How do School Meals Compare?

The purpose of the National School Lunch Program (NSLP) and School Breakfast Program (SBP) is to provide all students with affordable and nutritious meals during the school day. Administered by the USDA, these programs strive to enhance children's health, well-being, and academic performance.

To promote a balanced and nutritious diet, the NSLP and SBP adhere to guidelines that include essential nutrients while limiting unhealthy components. School meals must meet criteria for whole grains, protein, dairy, and vegetable sub-groups, as well as strict nutrient guidelines for calories, fat, saturated fat, and sodium. These guidelines ensure that students receive a variety of nutrients necessary for their growth, development, and overall well-being, making school meals the healthiest option for many Americans.

Furthermore, the USDA provides funding for a portion of each meal, allowing school districts to offer affordable meals, even for students who pay the full price.

So how do school meals compare to available fast-food options?

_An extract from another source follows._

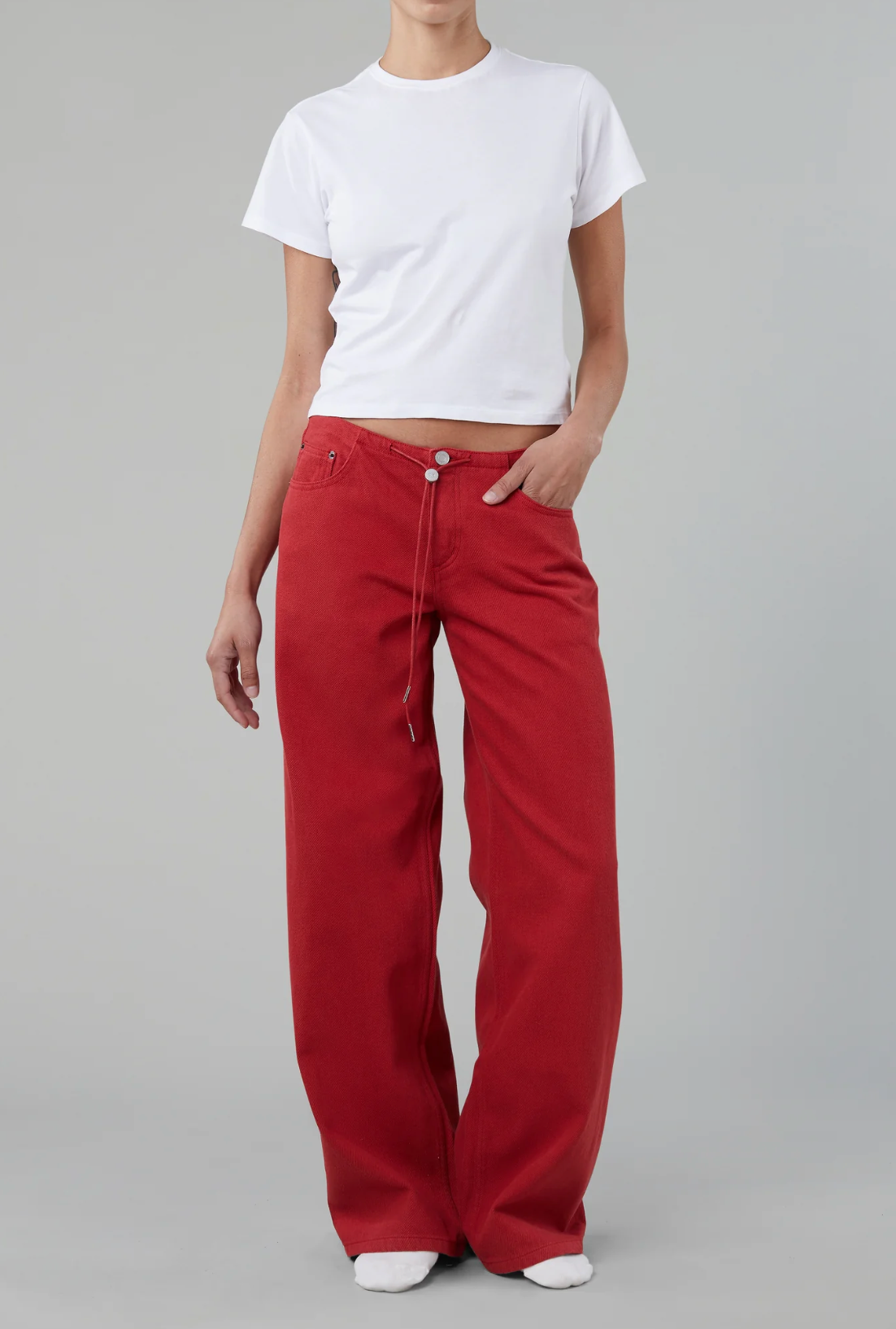 The Cool jean is a relaxed leg, low-rise jean with an adjustable drawstring toggle. The Cool has no waistband (yes, no waistband.) It features a traditional button fly, custom hardware and our signature 'SH' embroidery.
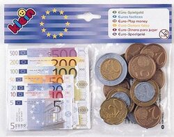 Euro bankovky, mince a platobná karta, balené v sáčku.

NSD School Lunch Fast Food Options
27% fewer calories More calories
30% less fat More fat
29% less saturated fat More saturated fat
23% less sodium More sodium
46% less sugar More sugar
254% more fiber Less fiber
More vitamins Less vitamins
More minerals Less minerals
More food Less food
Less expensive 261% more expensive
$4.00 $10.45



Did you know?

Well-known retail manufacturers that work with schools create specially formulated versions of retail favorites like breakfast cereals, for school meal programs. These products usually have more whole grains, less sugar and less sodium than their retail versions.